Wednesday, January 27, 2010

"Happiness Coaching"

Let's hope it's a trend. In some corners of the American business world executives have decided to help their employees overcome the pernicious influence of the therapy culture by offering them happiness coaching.

Having imbibed the nostrums that the therapy culture has been prescribing American workers have become mired in bad habits. They have learned to find fault everywhere, to complain about everything, and to criticize mercilessly.

These habits may make you feel part of an intellectual elite, but they do not contribute to your well-being, your happiness, or your job performance.

To break these habits retraining is needed. And some workers are starting to receive it from the happiness coaches that are being hired to run seminars for them. So writes Sue Schellenbarger in today's Wall Street Journal. Link here.

Schellenbarger throws a little inadvertent irony into the mix when she talks about "thinking happy thoughts," but her article is serious and to the point. Even with the advent of positive psychology we have been taught to disparage a good attitude, and to believe that negative thinking is more sophisticated, more serious, and closer to the truth.

And if you think that capitalism is bad, you will be alarmed at the advent of happiness coaching.

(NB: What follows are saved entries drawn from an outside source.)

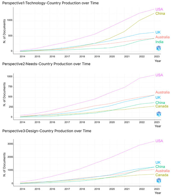 Figure 4 illustrates the distribution of the top five countries in terms of the numbers of publications related to the technology, needs/demand, and design perspectives. From the technology perspective, the leading countries are the USA, China, the UK, Australia, and India. The USA stands out with a substantial number of publications, exceeding 1000 in 2021. This indicates that the USA maintains a high level of research output in the field of sustainable community technology. China’s publication count has consistently increased, surpassing the UK in 2019, which suggests that China is placing significant emphasis on the technical aspects of sustainable communities, highlighting its potential for future research breakthroughs. From the needs perspective, the top five countries are the USA, Australia, the UK, China, and Canada, in that order. Notably, China surpassed Canada in the number of papers published in 2021. This ranking indicates that the USA places considerable emphasis on the demand aspect of sustainable communities, while the UK and China are gradually increasing their research investment in this area. From the design perspective, the leading countries are the USA, the UK, China, Australia, and Canada. The USA remains significantly ahead in terms of the number of publications, while the other four countries exhibit similar publication counts. China has experienced substantial growth in this area, with the number of papers published in 2023 nearing that of the second-ranked country.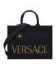 Elevate your style with this women's shoulder bag by Versace. Crafted from fabric with luxurious leather details, this tote bag features a spacious interior, envelope pocket with zip closure, and gold-colored rhinestone brand writing. Made in Italy, it includes a removable leather detail with a three-dimensional brand logo and a unique Greek motif shoulder strap. Dimensions: Width 38cm, Height 29.5cm, Depth 12.5cm.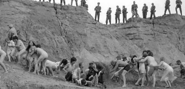 Евреев поставили лицом к яме, стрелки из ваффен-СС прицелились не в грудь, а в голову. В итоге вышло ужасно: черепа разлетались на куски, и лица стрелявших забрызгало кровью и мозгами. Одного из стрелков-добровольцев вырвало, его товарищи, солдаты вермахта, подняли его на смех.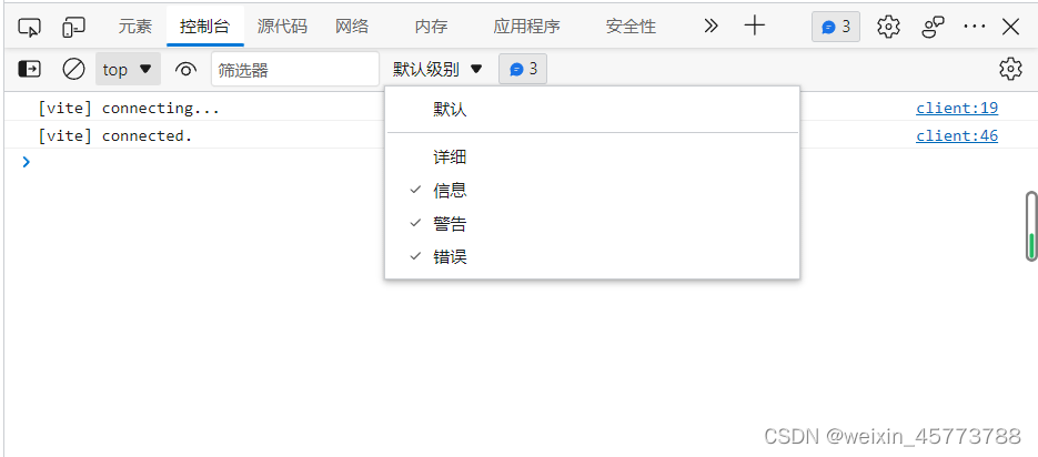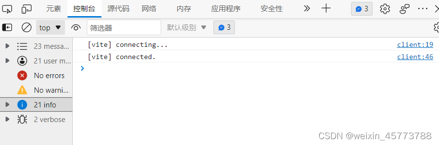 解决方案:左侧top栏选择info,默认级别(Default levels)中信息选项(info选项)要勾选,筛选器中清空。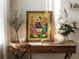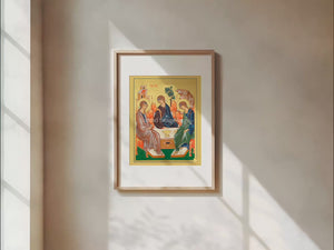 This icon takes as its subject the mysterious story where Abraham receives three visitors as he camps by the oak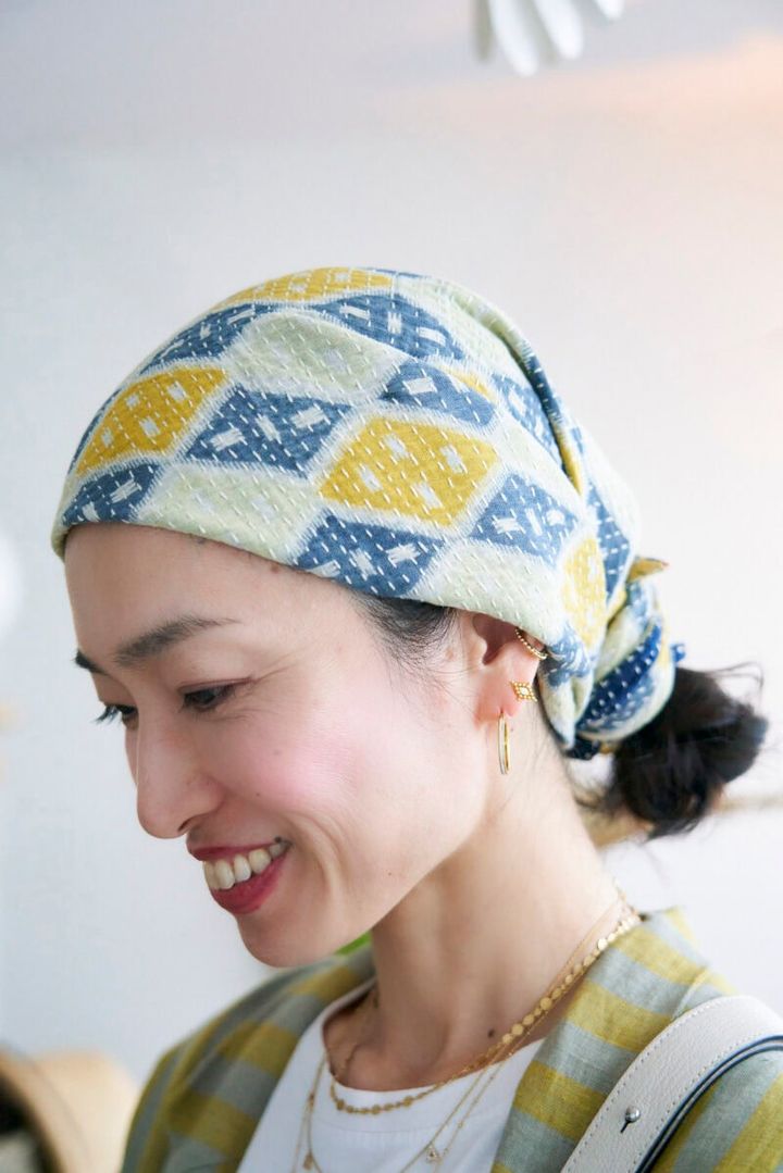 インドのヴィンテージサリーをほどいてカンタ刺しゅうをしたハンドメイドスカーフ。「私のモノづくりの師匠が作ったものです。髪をまとめたときのヘッドスカーフに愛用しています」(土村さん)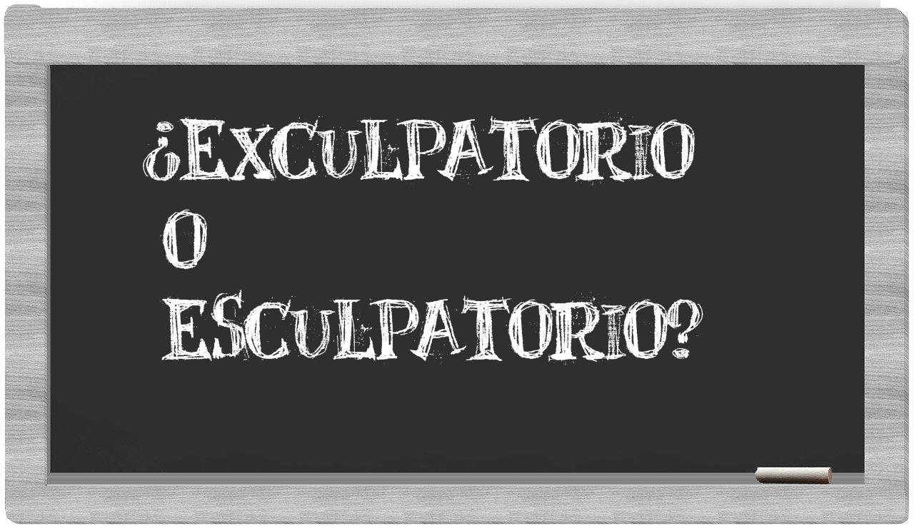 Cuando se presenta la disyuntiva entre exculpatorio y esculpatorio, es fundamental que no vaciles, puesto que solo exculpatorio se encuentra debidamente consignada como adecuada. En cambio, esculpatorio no se halla en el venerado Diccionario de la Real Academia Española.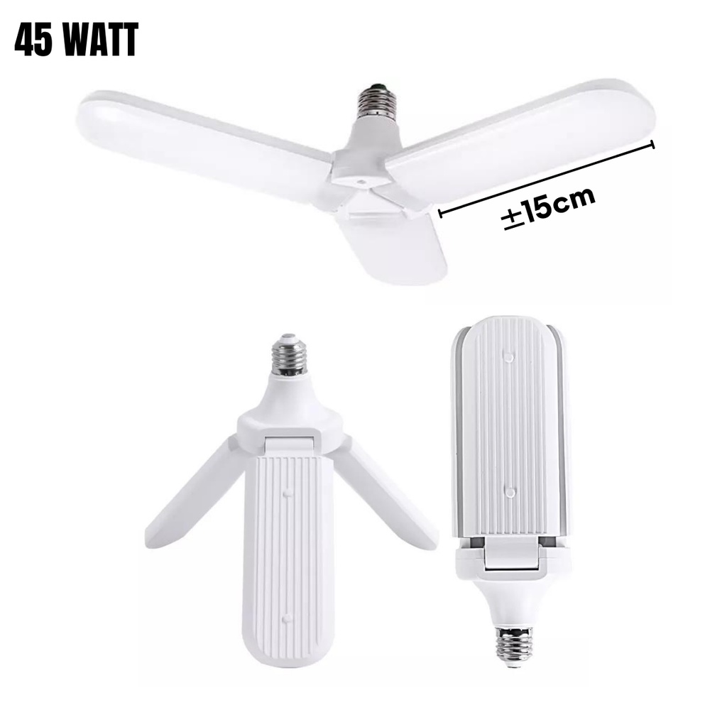 Lampu Bohlam Lipat Mini Model Kipas 3 Baling E27 45W 30W Mini Fan Blade LED Bulb 45 Watt 30 Watt Lampu Hias Ruangan Tamu Kamar Tidur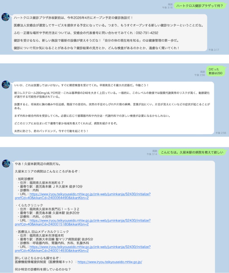 健診で異常値が出ても放置してしまう受診者に対し、リスクを分かりやすく伝え、次の行動へと導く伴走型AIサービスです。薬剤戦師「オーガマン」が24時間いつでも相談に対応し、LINE上で健診結果の解説、生活改善アドバイス、精密検査受診リマインドなどを提供。健診後の継続的な健康管理を支援します。

You want people to be miserable at their jobs because that will make them less productive and will cause their capitalist enterprises to fail more rapidly.

For my part, I am all for happiness coaching. All coaches work to help people to be happier, more positive, more productive, and more confident.

Surely, we will be living in a better world and a better workplace environment if happiness coaching takes over and supplants sensitivity training.

Have you noticed that no one seems to be talking about sensitivity training these days? Or am I being overly optimistic?